Exercise details - The required output is the exact run of lines in the listing below from the line holding "EN ENERO DE" through the line holding "Il. 2. Sejny. Plac II", with no pictures.

Data to use -

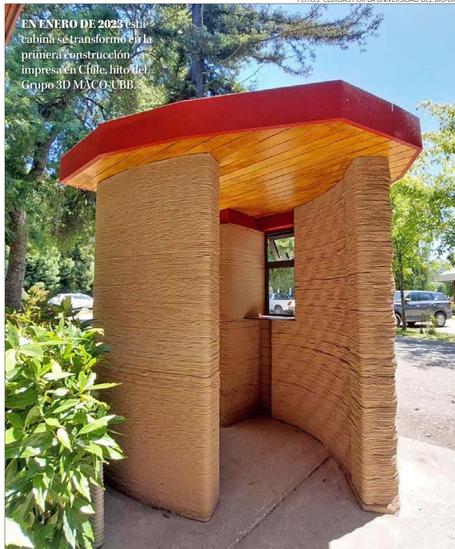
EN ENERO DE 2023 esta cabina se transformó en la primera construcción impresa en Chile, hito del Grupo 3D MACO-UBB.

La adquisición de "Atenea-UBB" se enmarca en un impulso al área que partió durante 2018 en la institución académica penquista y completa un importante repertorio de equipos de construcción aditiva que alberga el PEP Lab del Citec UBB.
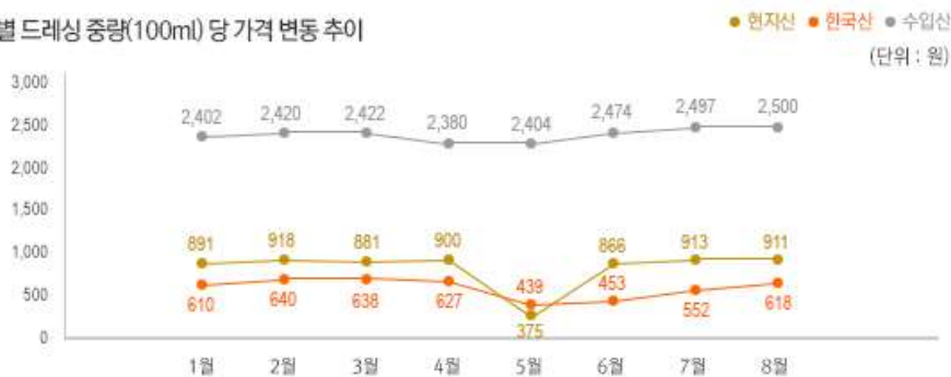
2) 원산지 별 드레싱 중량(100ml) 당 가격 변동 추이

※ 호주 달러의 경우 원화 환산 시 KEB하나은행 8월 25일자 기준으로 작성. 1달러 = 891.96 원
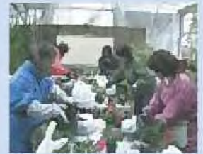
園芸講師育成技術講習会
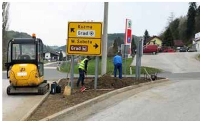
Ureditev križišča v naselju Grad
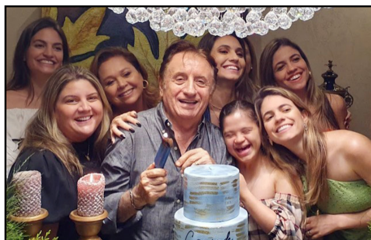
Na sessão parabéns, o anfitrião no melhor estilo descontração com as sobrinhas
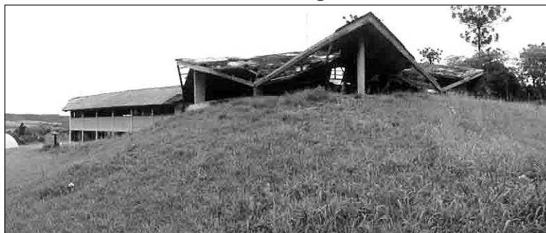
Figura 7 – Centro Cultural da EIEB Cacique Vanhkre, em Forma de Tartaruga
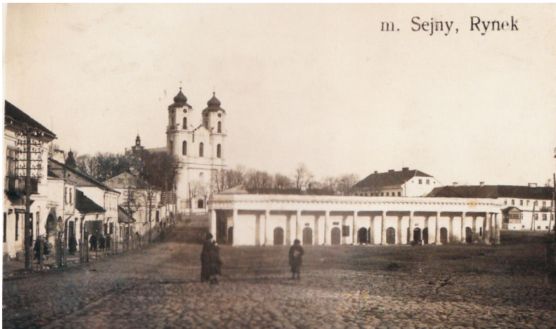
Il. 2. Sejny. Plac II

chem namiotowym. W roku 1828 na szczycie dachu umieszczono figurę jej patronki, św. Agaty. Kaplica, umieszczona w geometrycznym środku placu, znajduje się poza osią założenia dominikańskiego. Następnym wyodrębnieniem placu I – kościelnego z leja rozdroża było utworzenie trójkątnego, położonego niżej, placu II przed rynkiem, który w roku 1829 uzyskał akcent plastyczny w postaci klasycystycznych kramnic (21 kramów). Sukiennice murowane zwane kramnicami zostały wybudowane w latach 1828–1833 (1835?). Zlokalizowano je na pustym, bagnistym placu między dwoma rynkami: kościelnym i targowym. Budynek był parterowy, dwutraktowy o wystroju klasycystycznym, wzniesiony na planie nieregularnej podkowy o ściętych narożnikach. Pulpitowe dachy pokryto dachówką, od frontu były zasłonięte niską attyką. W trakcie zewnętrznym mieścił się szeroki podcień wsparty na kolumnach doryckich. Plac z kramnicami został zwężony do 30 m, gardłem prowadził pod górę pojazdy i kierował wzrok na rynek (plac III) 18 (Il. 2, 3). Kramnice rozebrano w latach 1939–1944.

--

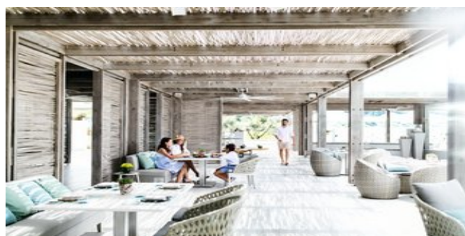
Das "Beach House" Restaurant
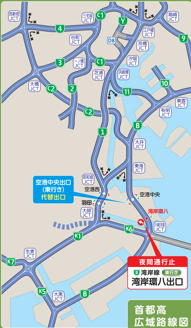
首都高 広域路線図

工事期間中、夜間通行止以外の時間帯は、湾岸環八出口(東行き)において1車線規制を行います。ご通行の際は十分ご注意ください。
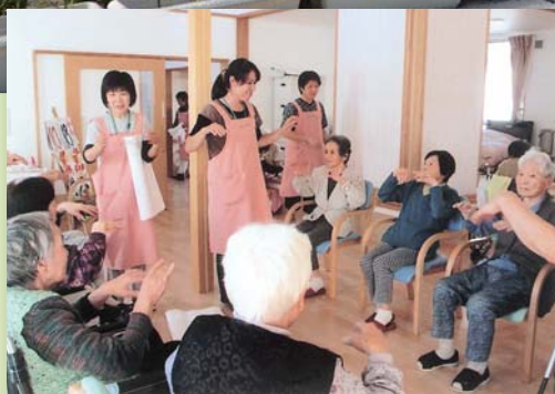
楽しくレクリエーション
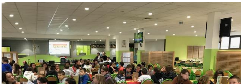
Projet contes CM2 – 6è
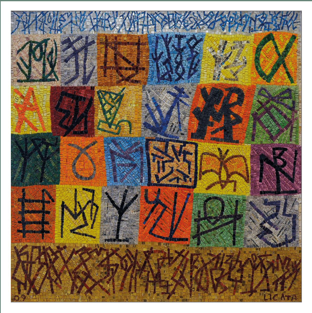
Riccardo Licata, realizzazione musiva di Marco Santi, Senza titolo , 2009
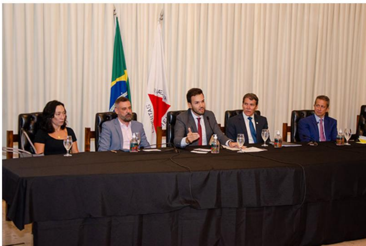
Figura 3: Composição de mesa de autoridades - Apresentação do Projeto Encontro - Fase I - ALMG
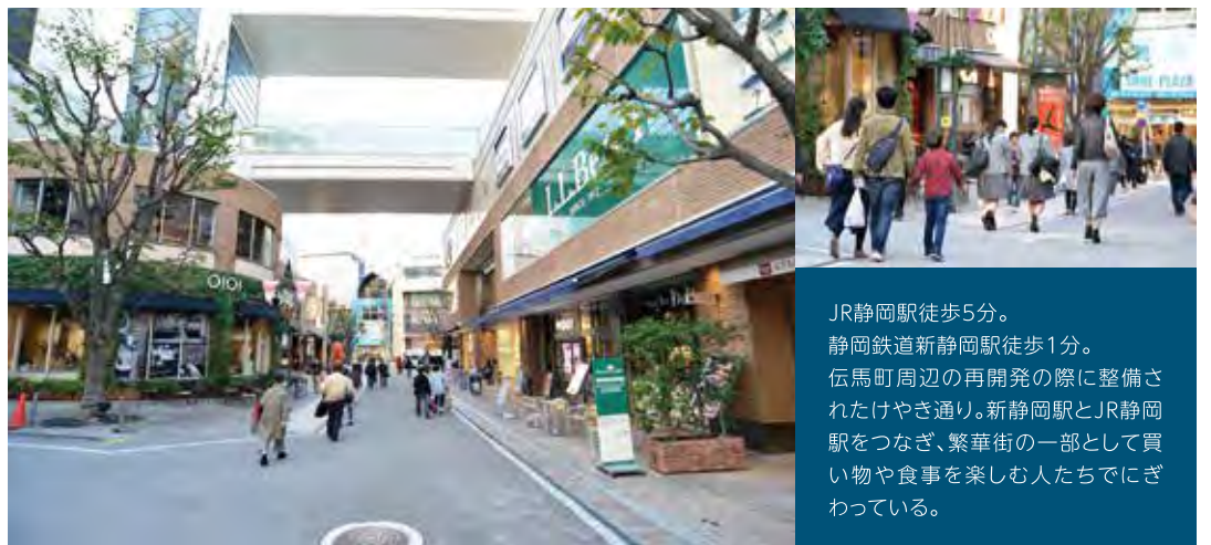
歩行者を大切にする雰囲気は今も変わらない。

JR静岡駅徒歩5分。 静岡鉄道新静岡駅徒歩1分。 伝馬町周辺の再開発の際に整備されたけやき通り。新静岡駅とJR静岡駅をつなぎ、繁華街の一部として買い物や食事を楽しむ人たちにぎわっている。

Problem solution -
EN ENERO DE 2023 esta cabina se transformó en la primera construcción impresa en Chile, hito del Grupo 3D MACO-UBB.

La adquisición de "Atenea-UBB" se enmarca en un impulso al área que partió durante 2018 en la institución académica penquista y completa un importante repertorio de equipos de construcción aditiva que alberga el PEP Lab del Citec UBB.
2) 원산지 별 드레싱 중량(100ml) 당 가격 변동 추이

※ 호주 달러의 경우 원화 환산 시 KEB하나은행 8월 25일자 기준으로 작성. 1달러 = 891.96 원
園芸講師育成技術講習会
Ureditev križišča v naselju Grad
Na sessão parabéns, o anfitrião no melhor estilo descontração com as sobrinhas
Figura 7 – Centro Cultural da EIEB Cacique Vanhkre, em Forma de Tartaruga
Il. 2. Sejny. Plac II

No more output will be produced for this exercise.